Médine: «J’ai été pris pour un poseur de bombe alors que j’étais un démineur»
INTERVIEW•Le rappeur célèbre son dernier album au Zénith de Paris, samediPropos recueillis par Clio Weickert
L'essentiel
- Médine sera en concert au Zénith de Paris, samedi à 20h.
- Liberté d’expression, feat avec Booba et attachement au Havre, le rappeur a répondu aux questions de « 20 Minutes ».
«Coupe la tête du coq et il court toujours, le 9 février au Zénith, ce s’ra full ». Les paroles de Médine dans Kyll, son carton de l’hiver en feat avec Booba, sont on ne peut plus claires, le rappeur est loin d’avoir dit son dernier mot. Samedi, il clôturera sa tournée sur la scène du Zénith de Paris (et quelques dates jusqu’à juin), près d’un an après la sortie de son dernier album, Storyteller. Il y tournera peut-être aussi définitivement la page d’une année 2018 agitée.
En septembre, après des mois de polémique, Médine avait dû renoncer, à contrecœur, à son concert au Bataclan. « Certains groupes d’extrême-droite ont prévu d’organiser des manifestations dont le but est de diviser, n’hésitant pas à manipuler et à raviver la douleur des familles des victimes. Par respect pour ces mêmes familles et pour garantir la sécurité de mon public, les concerts ne seront pas maintenus », annonçait-il dans un communiqué. Que lui reprochait-on ? Le titre d’un de ses albums, Jihad, le plus grand combat est contre soi-même (2005), et les paroles de la chanson Don’t Laïk (2015), jugées par certains problématiques.
Quelques jours avant son Zénith, Médine est revenu, à froid, auprès de 20 Minutes sur cette polémique. Mais aussi sur l’origine de son feat et de son amitié avec Booba, son attachement au Havre et son amour pour Hook et les enfants perdus.
Que ressentez-vous avant ce concert au Zénith ?
C’est particulier, comme toutes les grosses dates parisiennes. Jouer dans la capitale, depuis le début de ma carrière, c’est toujours exceptionnel. Là, ça clôture ma tournée, il y aura des invités et je travaille le cardio différemment parce qu’il va falloir tenir un peu plus longtemps. Il y aura des morceaux de l’ancien répertoire pour essayer d’avoir quelque chose d’assez complet sur cette date. Je l’aborde un peu différemment des autres concerts de la tournée.
Est-ce que pour vous, il s’agit d’une petite revanche sur l’an dernier ?
Non parce que je n’ai pas l’esprit revanchard. Pour moi cette polémique n’avait pas lieu d’être, c’était un faux procès qui m’a été fait.
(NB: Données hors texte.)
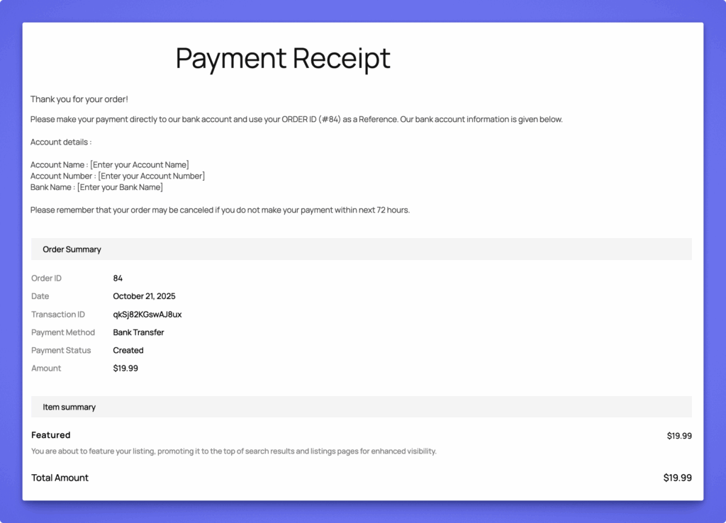 The Bank Transfer gateway allows users to make manual payments directly to your bank account. This method is included in the Directorist core plugin and does not require any additional extension.
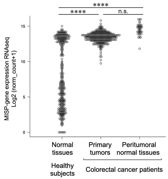 Comparison of the expression of the mitotic spindle positioning (MISP) gene in colorectal tissues. The Cancer Genome Atlas (TCGA) is a cancer genome database. The analysis includes normal tissue samples from healthy subjects (n = 308) and colorectal cancer (CRC) patients (primary tumors, n = 288; peritumoral normal tissues, n = 41). **** p < 0.0001; n.s., no significant difference.
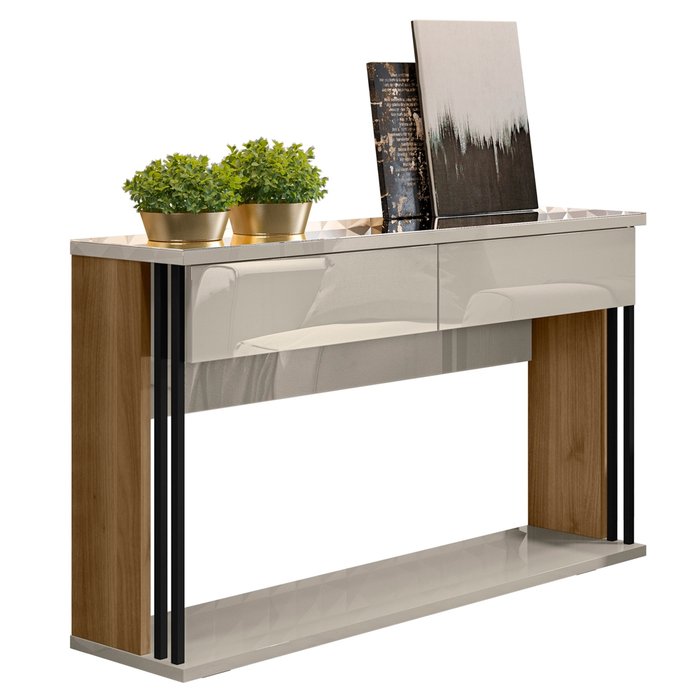 Aparador para Sala de Estar Espelhado 2 Gavetas 136cm Luxe L06 Avelã/Off White - Mpozenato
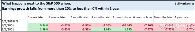 以下是盈利增长在1年内从20%以上下降0%以下后股市的走势:
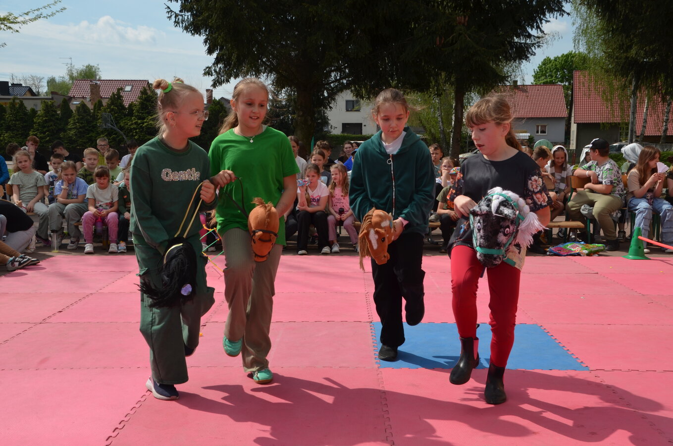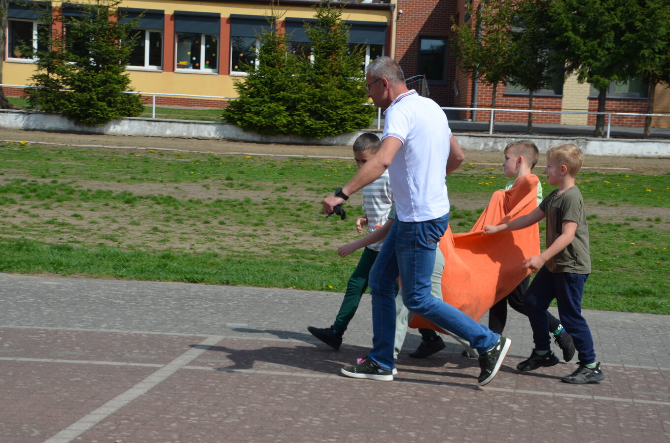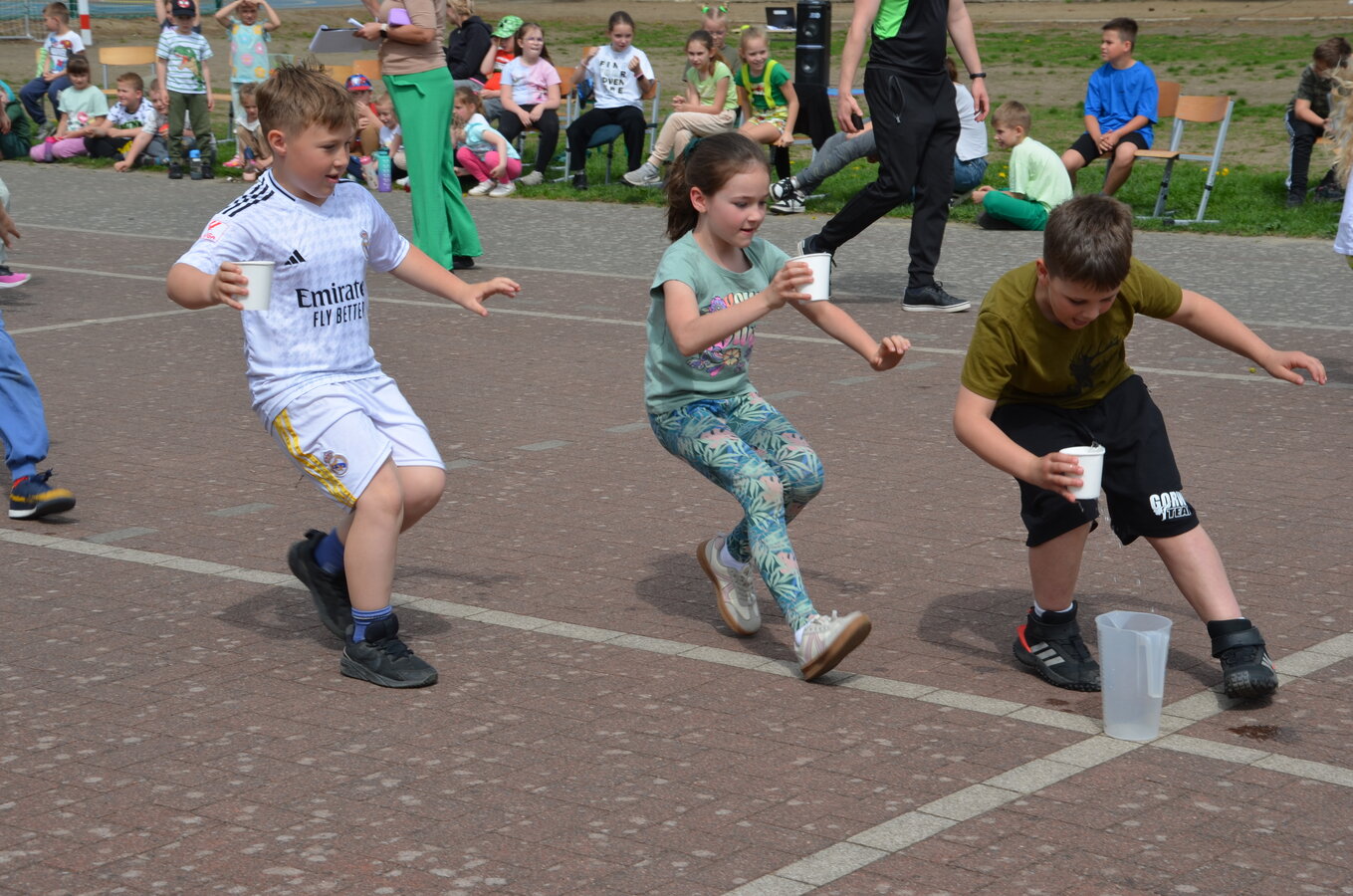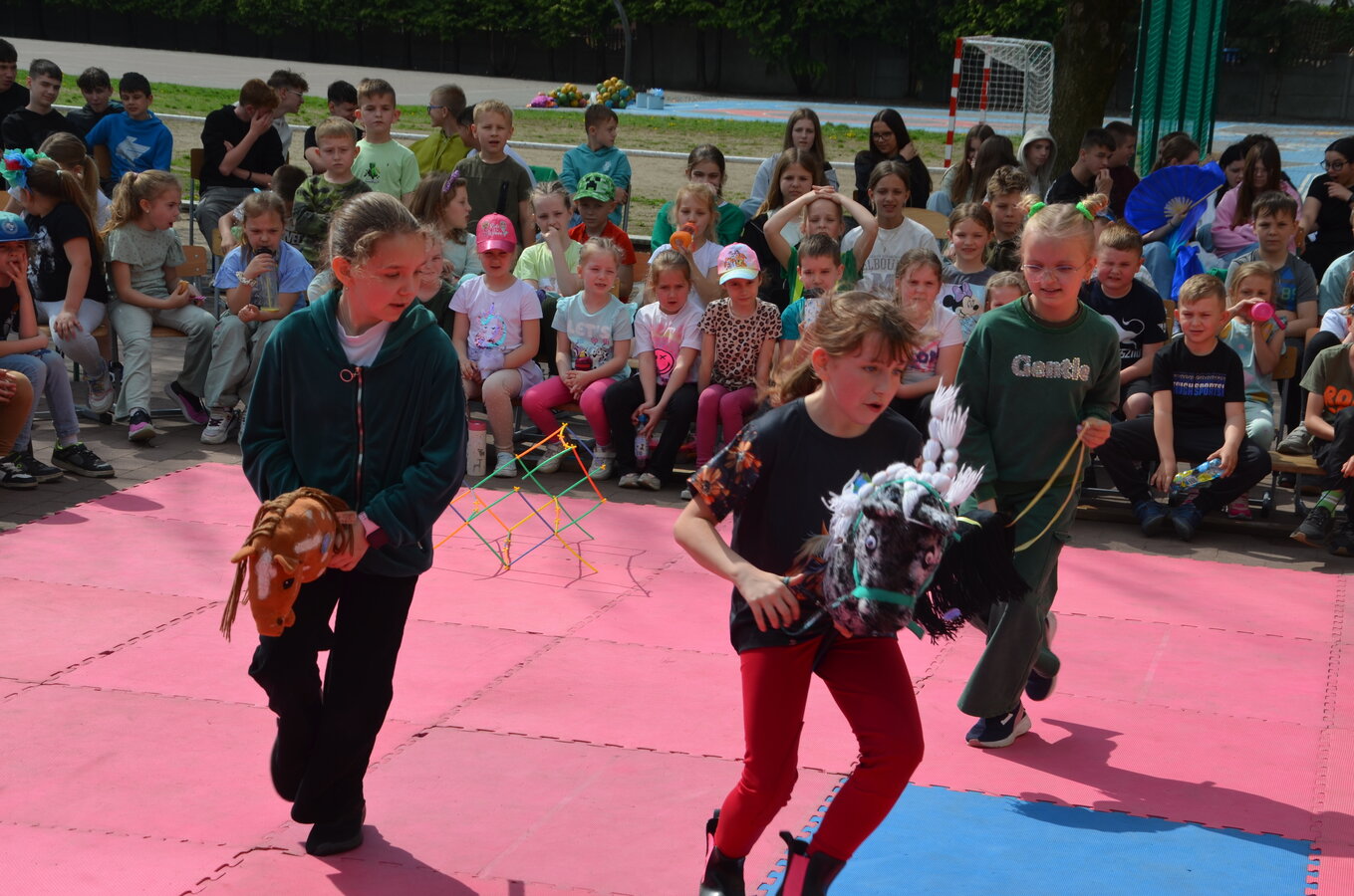 Kolejnym punktem programu były konkurencje sportowe do wszystkich klas. Był wyścig w przenoszeniu na kocu, rzuty do celu, przenoszenie piłek w skrzynkach, wyścig w workach, przenoszenie wody w kubeczkach i napełnianie dzbanka.

Il aurait suffi que les médias vérifient leurs informations et épaississent un peu le sujet pour comprendre qu’il n’y avait pas lieu de récupérer la rhétorique de l’extrême droite et des groupuscules identitaires. C’est un non-événement. C’est dans la continuité d’un combat que je mène depuis une quinzaine d’années, d’être sceptique vis-à-vis des versions officielles, d’être critique avec les discours de repli sur soi. Pour moi cette polémique est le prolongement naturel, voire une espèce d’accréditation du sérieux de mon travail qui, justement, dénonce cet emballement, cette société du trolling, et qui stigmatise un peu plus le jeune de quartier, le musulman, le rappeur, la personne issue de l’immigration.
Est-ce que cette polémique vous a atteint, personnellement mais aussi professionnellement ?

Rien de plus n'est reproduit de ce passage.